PValue - the uncorrected p-value of the likelihood of observing the effect of the size foldChange (or larger) by chance alone. This p-value is not corrected for multiple comparisons.
PAdj - the multiple comparisons corrected PValue (via the Hochberg method). This probability of having at least one false positive when accounting for all comparisons made.
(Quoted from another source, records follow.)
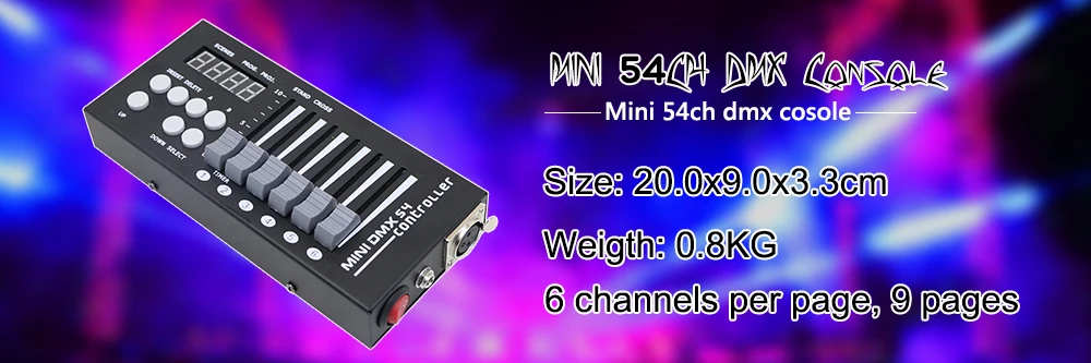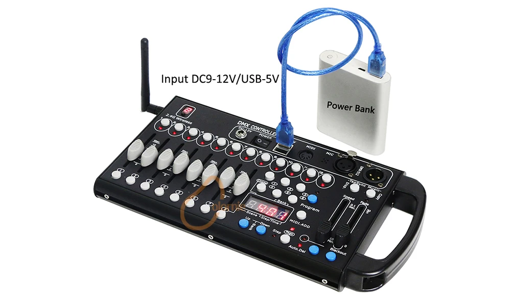 Вход DC9-12V или Power Bank 5V. Встроенный беспроводной передатчик, 12 сканеров управляют до 16 каналов на каждом приборе. Сцены могут быть запрограммированы на 6 последовательностей погони, каждая из которых удерживает до 240 сценок, которые могут быть запущены звуком, вручную нажатием или автоматически временными фейдерами в диапазоне от 0,1 секунд до 10 минут. Этот контроллер идеально подходит для небольших театров или сценических приложений.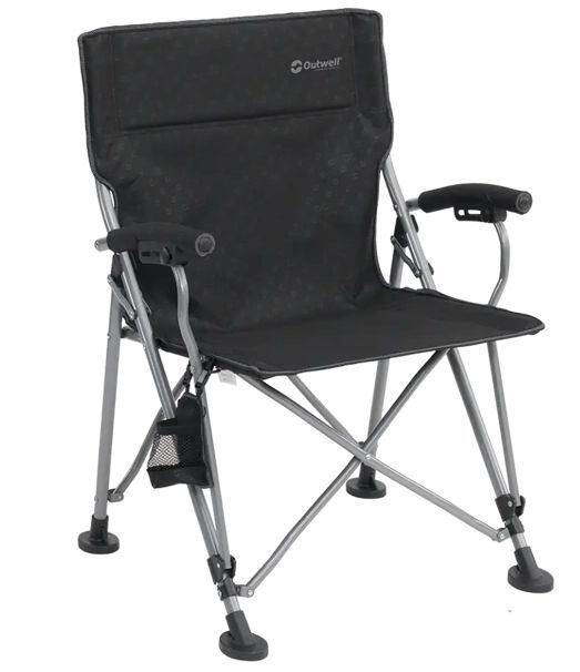 Pohodlná skládací židle s područkamiKempingová skládací židle Outwell Goya najde své využití na Vašich cestách do přírody, při kempování, ale je vhodná i pro příležitostné sezení na zahradě. Pohodlná židle s područkami kombinuje stylový design s praktickou funkčností. Polyesterový potah sedadla a opěradla i robustní ocelová konstrukce zajišťují stabilitu a odolnost. Židli sestavíte a složíte během několika sekund.Klíčové vlastnosti kempingové skládací židle Outwell Goya:Robustní a odolná židle s opěrkami rukou.Konstrukce z vysoce pevné oceli.K sestavení není nutná montáž.Snadno se sestavuje a přenáší, složená zabere minimum místa.Včetně tašky pro skladování a přepravu.Outwell GoyaParametry kempingové skládací židle Outwell Goya:barva potahu: černámateriál potahu: 300 x 600D recyklovaný a embosovaný 100% polyesterbarva rámu: šedámateriál rámu: ocel s práškovým nástřikemhmotnost: 4,5 kgrozměry (Š x H x V): 68 x 63 x 90 cmrozměry balení: 10 x 28 x 105 cmvýška sedadla: 46 cmmaximální zatížení: 125 kg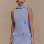 The SKYLER Suiting Embroidered Mini Dress is where structured suiting meets delicate detailing. Designed with a classic crew neckline and mini length, this refined silhouette is elevated by a corded floral embroidery that adds texture and charm. Fully lined for comfort and finished with an invisible zip, this dress also features a detachable neck scarf for added styling versatility. It's your go-to for daytime polish or elevated events.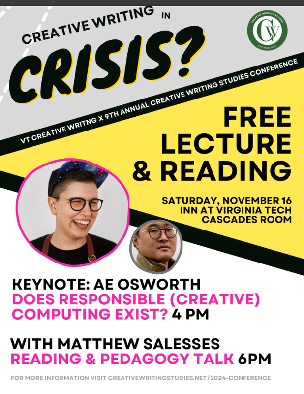 2024 Creative Writing Studies Conference: AE Osworth & Matthew Salesses Literary Talk and Reading

This value is usually overly conservative in genomics.
FDR - the False Discovery Rate - this column represents the fraction of false discoveries for all the rows above the row where the value is listed. For example, if in row number 300 the FDR is 0.05, it means that if you were cut the table at this row and accept all genes at and above it as differentially expressed then, 300 * 0.05 = 15 genes out of the 300 are likely to be false positives. The values in this column are also called q-values.
falsePos - this column is derived directly from FDR and represents the number of false positives in the rows above. It is computed as RowIndex * FDR and is there to provide a direct interpretation of FDR.
The following columns represent the normalized matrix of the original count data in this case, 3 and 3 conditions.